Immunodeficiency 58 is a very rare, autosomal recessive primary immune disorder characterized by early-onset skin manifestations (eczematous dermatitis, infectious abscesses, and viral warts), recurrent respiratory infections or allergies, and chronic persistent infections with Candida, Molluscum contagiosum, mycobacteria, and also other bacteria, as well as persistent EBV infections. Gastrointestinal involvement has been demonstrated in some patients (inflammatory bowel disease, EBV+ smooth muscle tumors, esophagitis). Immunologically, impaired T-cell function can be demonstrated with decreased Treg cells and deficient CD3/CD28 costimulation responses in both CD4+ and CD8+ T cells. B-cell function may also be impaired (see below Wang et al. 2016 ).
Images (2)
Immunodeficiency 58 due to Carmil2 deficiencyD82.3
DefinitionThis section has been translated automatically.
Occurrence/EpidemiologyThis section has been translated automatically.
Worldwide, the incidence is estimated to be <1/1000,000.
Case report(s)This section has been translated automatically.
Wang et al (2016) reported 6 patients from three unrelated families. Two families were consanguineous with Moroccan (family A) and Tunisian (family B) ancestry, while the third was an unrelated Turkish family (family C). Patients presented with chronic mucocutaneous candidiasis, including onychia and perionychia of the nails and thrush, and severe eczematous dermatitis during the first years of life. Furthermore, variable skin involvement with scaling of the scalp with limited cicatricial alopecia, hyperlinearity of the palms, inflammatory plaques on the soles with pustular lesions, ichthyosis, psoriasis-like plaques, seborrheic dermatitis, diffuse hyperpigmented lesions with atrophic and ulcerated scars, and red inflammatory plaques on the face, trunk, back, elbows, and legs. Histologically: psoriasiform hyperplastic epidermis. Two siblings suffered from severe recurrent subcutaneous staphylococcal abscesses, 1 patient from molluscum contagiosum and 2 from mycobacterial infections. Most patients had recurrent bacterial lung infections and chronic bronchitis, and some had asthma and bronchiectasis. Furthermore, allergic symptoms (food allergies, allergic bronchial asthma) were found. The most severely affected patient had multifocal tuberculosis of the lungs, lymph nodes, and intestines, viral meningoencephalitis, and overall poor growth. He died at the age of 17 years. All patients had normal circulating B-cell, neutrophil, monocyte, and NK-cell counts. All patients except one had increased levels of CD8+ T cells, and two unrelated patients had increased levels of CD4+ T cells. However, patients had decreased levels of certain T-cell subtypes, including regulatory T cells, follicular T helper cells, and certain subsets of memory T cells, including Th1 and Th17. All patients responded poorly to vaccination with antibodies and had fewer memory B cells.

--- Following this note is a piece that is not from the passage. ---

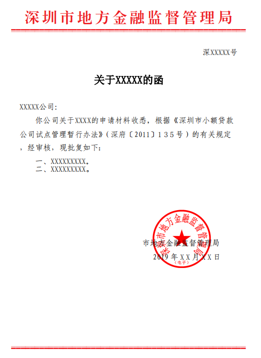 5.办结(当日):出具《关于批准深圳xxxx小额贷款有限公司业务资格的函》;不予通过的,出具《不予许可决定书》。
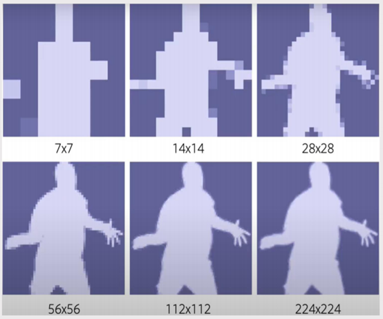 例如上图, 7×7的网格上身体中间的区域没必要使用太多的采样点。但是边界的区域,如果采样过于稀疏的话,最后会导致输出的边界过于平滑,不会很清晰。比如说手指采样的太少会导致分割出来的边界过于平滑,不太真实。但是为什么会使用这种7×7和那为什么如果要增加分辨率,然后是边界更加清晰的话,为什么不一直使用这224×224的网格?因为使用224×224的网格,虽然结果非常清晰,但是用到的显存要更大,计算速度要更慢。使用7×7的网格的话,输出计算速度最快,但是得到的mask非常模糊,缺少细节。

Sorte et al (2016) reported four patients aged 18 to 52 years from three unrelated Norwegian families with IMD58. All had onset of symptoms in early childhood, including widespread viral warts on the hands and feet. Furthermore, hyperkeratosis of the palms and soles, psoriatic lesions, seborrheic dermatitis, atopic eczema, photodermatitis, dermatophytic lesions, fungal skin infections, and viral skin infections (HSV and VZV) were found. All patients had asthma, 3 had recurrent respiratory infections, and 2 developed chronic obstructive pulmonary disease (COPD. Three patients suffered from gastrointestinal compromise: neonatal necrotizing enterocolitis, gastroesophageal ulcers, chronic diarrhea, colitis, and Crohn's disease. Other features included aphthous stomatitis, BK viral cystitis (2 patients), and molluscum contagiosum. One patient developed malignant leiomyosarcoma without signs or symptoms of EBV infection, although she had recurrent HSV and VZV infections. Three patients had low levels of Th17 cells. CD4+ and NK cells showed low expression of gamma interferon. Treg cell numbers were decreased in all patients.
Shayegan LH et al described a child with skin lesions they termed "actinic prurigo-like photodermatitis." Furthermore, an allergic diathesis as well as recurrent infections were detectable.
LiteratureThis section has been translated automatically.
- Schober T et al. (2017) A human immunodeficiency syndrome caused by mutations in CARMIL2. Nature Commun. 8: 14209.
- Shayegan LH et al (2020) CARMIL2-related immunodeficiency manifesting with photosensitivity. Pediatr Dermatol 37:695-697.
- Sorte HS et al. (2016) A potential founder variant in CARMIL2/RLTRR in three Norwegian families with warts, molluscum contagiosum, and T-cell dysfunction. Molec Genet Genomic Med. 4: 604-616.
- Wang Y et al (2016) Dual T cell- and B cell-intrinsic deficiency in humans with biallelic RLTPR mutations. J Exp Med 213: 2413-2435.